» **COLLECTED DATA**
>>>>>

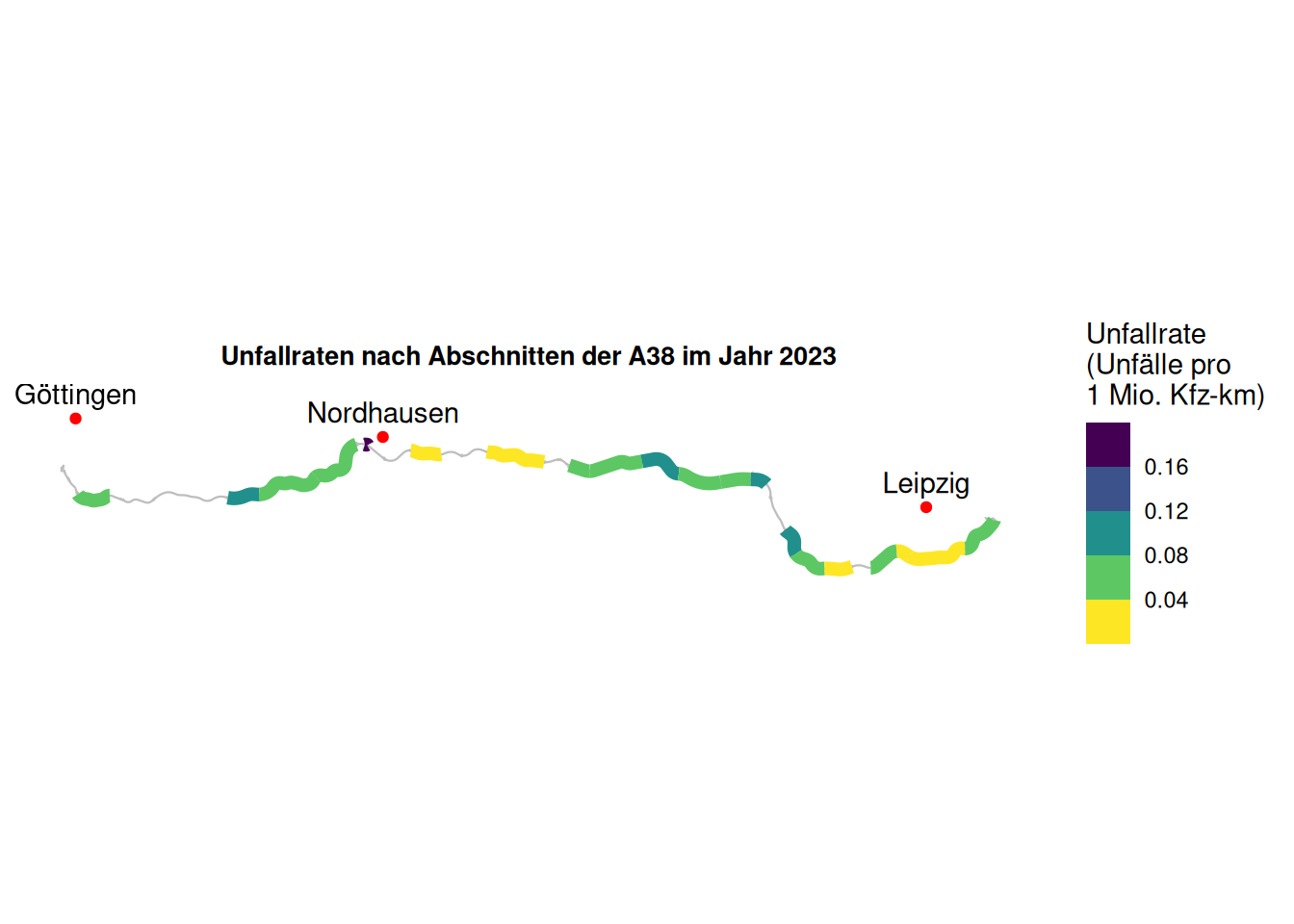 Wir sehen, dass viele Abschnitte eine Unfallkostenrate von unter 15 Euro pro 1000 Kfz und km und Jahr haben. Auffällig ist ein Abschnitt zwischen Nordhausen und Göttigen. Ein Blick in den Datensatz verrät, dass es hier innerhalb der drei beobachteten Jahre 10 schwere und 4 leichte Unfälle auf etwa 6,5 km Länge und bei etwa 22.000 Kfz pro Tag gab.
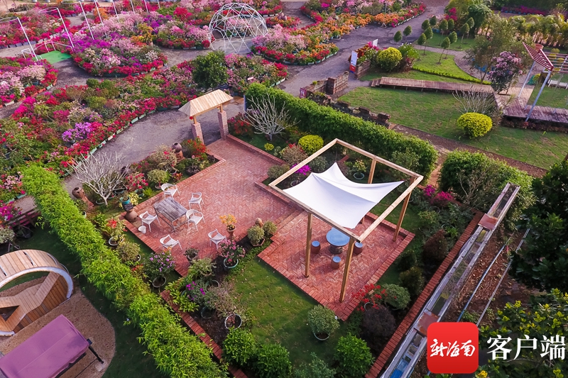 看花海、走花道、聞花香、聽花吧、購花物、宿花屋,眼下,海口三角梅共享農莊正在上演一場為期三個月的“花園村莊 幸福生活”花展主題田園風光秀。
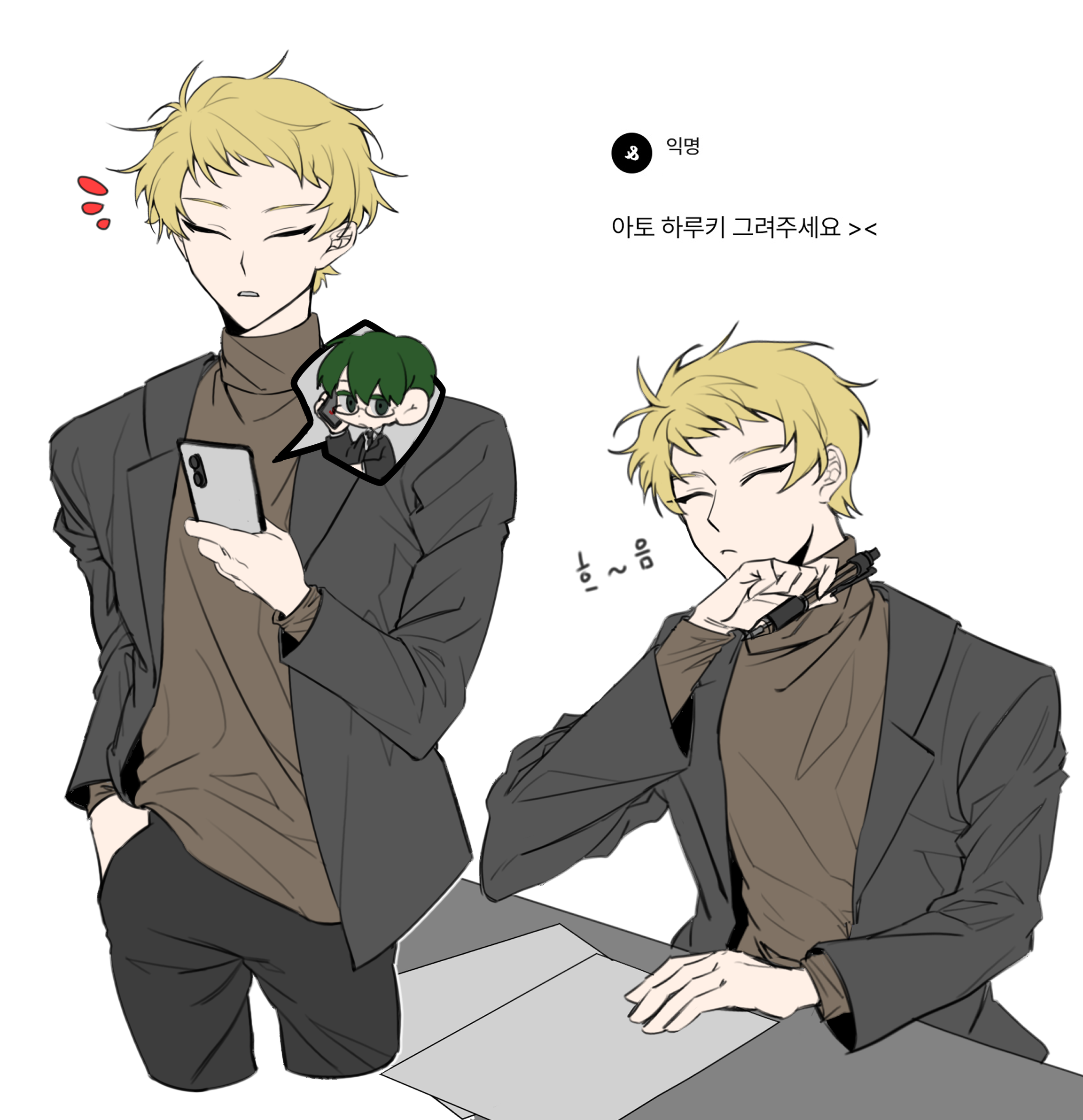 2boys atou_haruki black_jacket black_pants blonde_hair brown_sweater cellphone chibi chibi_inset closed_eyes gomnyong green_eyes green_hair hand_in_pocket highres holding holding_pen holding_phone jacket korean_text long_sleeves male_focus multiple_boys notice_lines open_clothes open_jacket otowa_rui_(saibou_shinkyoku) pants papers pen phone saibou_shinkyoku short_hair simple_background sweater translation_request turtleneck turtleneck_sweater white_background

<<<<<

» **DIRECTIONS FOR THIS TASK**
In the copy, keep every line of the data above exactly and drop each picture.

» **ANSWER BELOW**
 Wir sehen, dass viele Abschnitte eine Unfallkostenrate von unter 15 Euro pro 1000 Kfz und km und Jahr haben. Auffällig ist ein Abschnitt zwischen Nordhausen und Göttigen. Ein Blick in den Datensatz verrät, dass es hier innerhalb der drei beobachteten Jahre 10 schwere und 4 leichte Unfälle auf etwa 6,5 km Länge und bei etwa 22.000 Kfz pro Tag gab.
 看花海、走花道、聞花香、聽花吧、購花物、宿花屋,眼下,海口三角梅共享農莊正在上演一場為期三個月的“花園村莊 幸福生活”花展主題田園風光秀。
 2boys atou_haruki black_jacket black_pants blonde_hair brown_sweater cellphone chibi chibi_inset closed_eyes gomnyong green_eyes green_hair hand_in_pocket highres holding holding_pen holding_phone jacket korean_text long_sleeves male_focus multiple_boys notice_lines open_clothes open_jacket otowa_rui_(saibou_shinkyoku) pants papers pen phone saibou_shinkyoku short_hair simple_background sweater translation_request turtleneck turtleneck_sweater white_background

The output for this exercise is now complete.